By Mike Whiteman February 23, 2025
Throughout baseball history, the Yankee name has been synonymous with winning – and they have the hardware to back it up. The Yanks’ 41 American League pennants and 27 World Series victories is far more than any other franchise in baseball history.
That being said, all teams have had their lulls, and the occasional bad year(s) along the way. A hundred years ago, the Yanks had a real stinker.

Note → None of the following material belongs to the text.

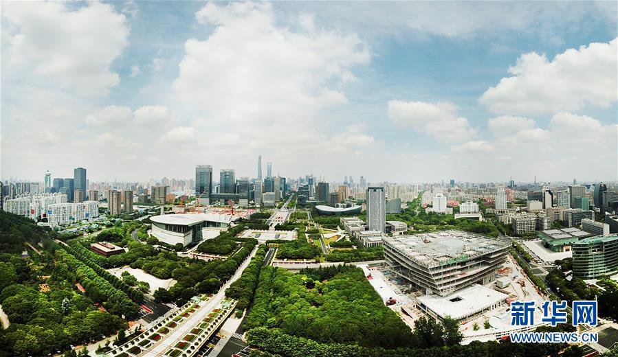從空中俯瞰建設(shè)中的上海圖書館東館(右)及其所在區(qū)域(無(wú)人機(jī)照片,5月22日攝)。 新華社記者 方喆 攝

In 1924, after three straight American League pennants and a 1923 World Series victory, the Yankees came up just short, two games behind Washington. Despite the disappointment, they didn’t feel wholesale changes were in order as these were the days of Babe Ruth’s prime – he finished the season just five RBI shy of the Triple Crown - and the only significant offseason addition was Urban Shocker, who was coming off a disappointing 4.20 ERA. The expectations were high though for the former St. Louis Browns ace, with team owner Jacob Ruppert predicting "Shocker will pitch the best ball of his career".

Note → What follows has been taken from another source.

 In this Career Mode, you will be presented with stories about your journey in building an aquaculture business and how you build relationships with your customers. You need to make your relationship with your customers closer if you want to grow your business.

The Babe of course was known for his playing as hard off the field as he did on it, and in Spring Training of 1925 it seemed to catch up to him, when he collapsed and later underwent surgery to treat an intestinal abscess. Per The Sporting News, Babe was hospitalized from “the attack of the illness that laid him low” – known now as his infamous “bellyache” and was slated to be out indefinitely.
Despite the absence of the team’s most indispensable player, Opening Day was all happiness – Shocker tossed a CG win and Ruth’s planned short term replacement, Ben Paschal, homered and drove in three runs to lead the Yanks to a 5-1 win over the defending champions. The good feelings didn't last long, as the Yankees lost their next three games and struggled to a 4-7 April record.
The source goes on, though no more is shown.